▶ **TASK GOAL**
Write the listing out again word for word, leaving each picture behind.

▶ **SUPPLIED MATERIAL**
▼
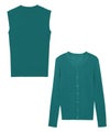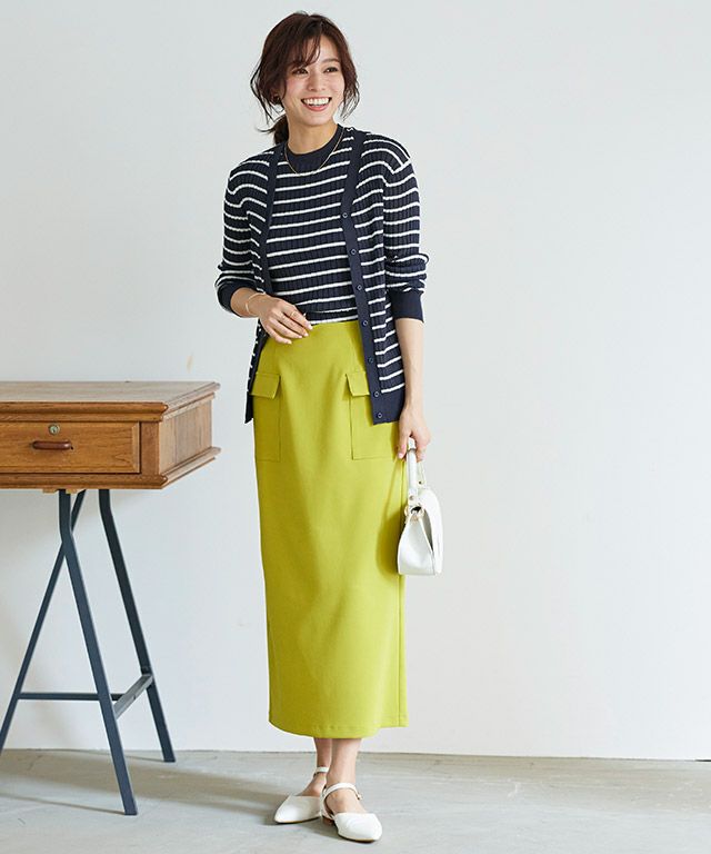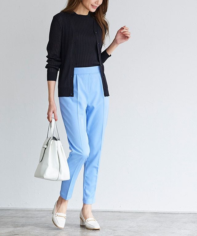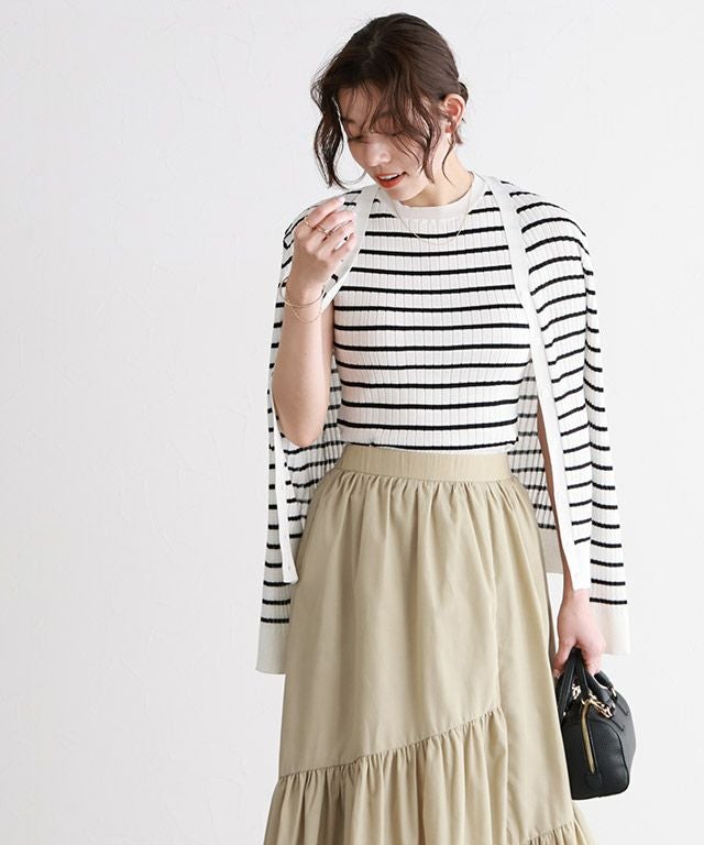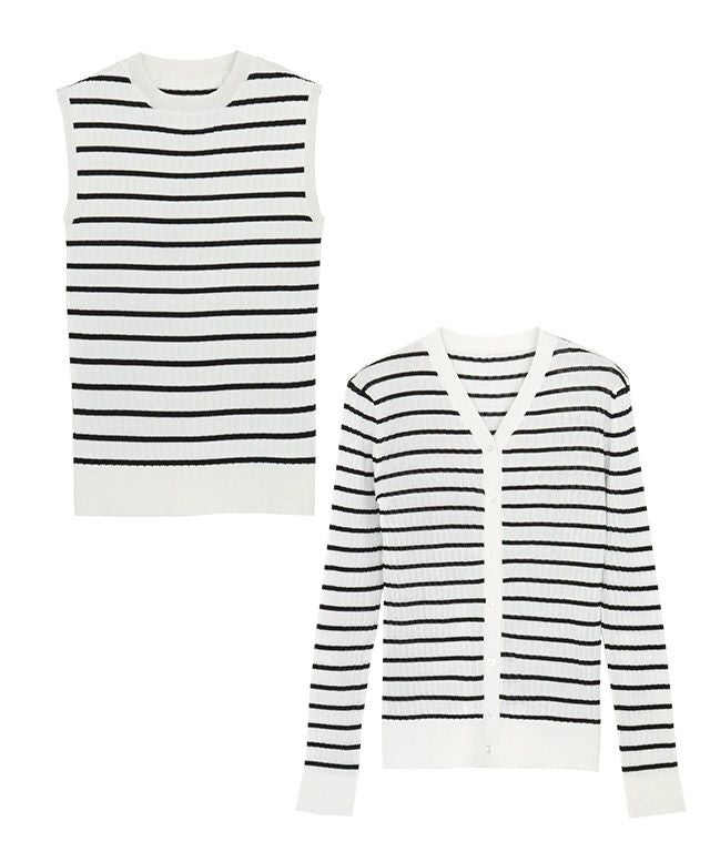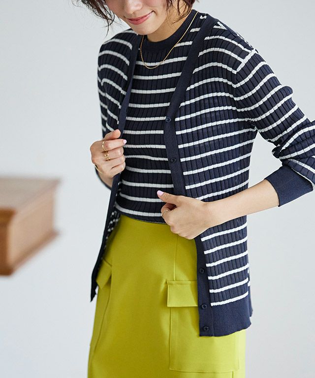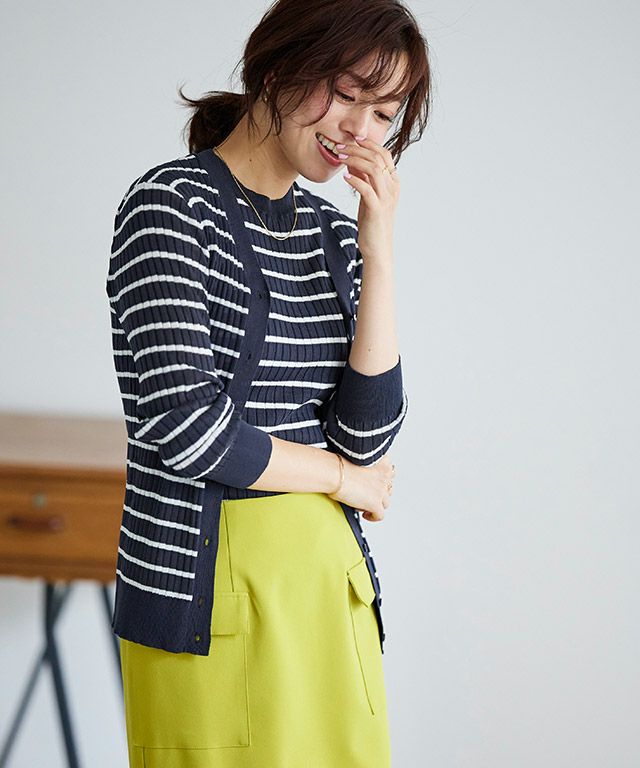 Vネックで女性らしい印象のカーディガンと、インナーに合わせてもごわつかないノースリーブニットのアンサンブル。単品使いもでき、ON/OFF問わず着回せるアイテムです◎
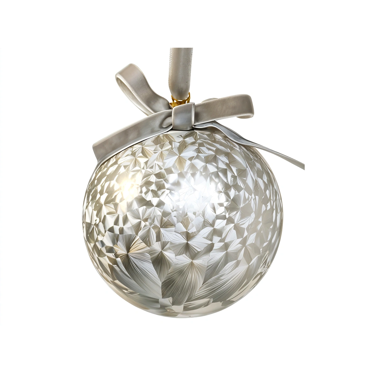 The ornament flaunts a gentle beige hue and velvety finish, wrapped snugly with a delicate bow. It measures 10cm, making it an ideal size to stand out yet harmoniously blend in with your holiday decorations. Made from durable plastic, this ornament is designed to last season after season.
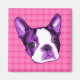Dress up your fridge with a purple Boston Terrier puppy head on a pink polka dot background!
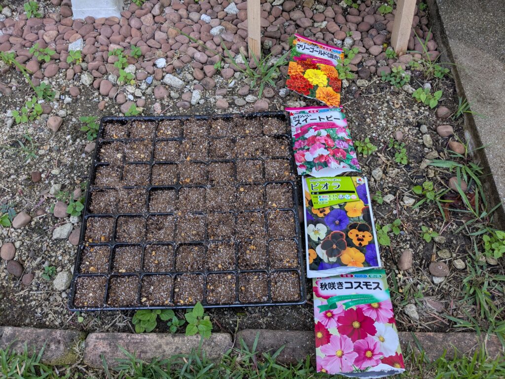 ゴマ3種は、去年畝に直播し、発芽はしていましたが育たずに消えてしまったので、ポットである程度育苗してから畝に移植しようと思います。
▲
▶ **ANSWER SECTION**
 Vネックで女性らしい印象のカーディガンと、インナーに合わせてもごわつかないノースリーブニットのアンサンブル。単品使いもでき、ON/OFF問わず着回せるアイテムです◎
 The ornament flaunts a gentle beige hue and velvety finish, wrapped snugly with a delicate bow. It measures 10cm, making it an ideal size to stand out yet harmoniously blend in with your holiday decorations. Made from durable plastic, this ornament is designed to last season after season.
Dress up your fridge with a purple Boston Terrier puppy head on a pink polka dot background!
 ゴマ3種は、去年畝に直播し、発芽はしていましたが育たずに消えてしまったので、ポットである程度育苗してから畝に移植しようと思います。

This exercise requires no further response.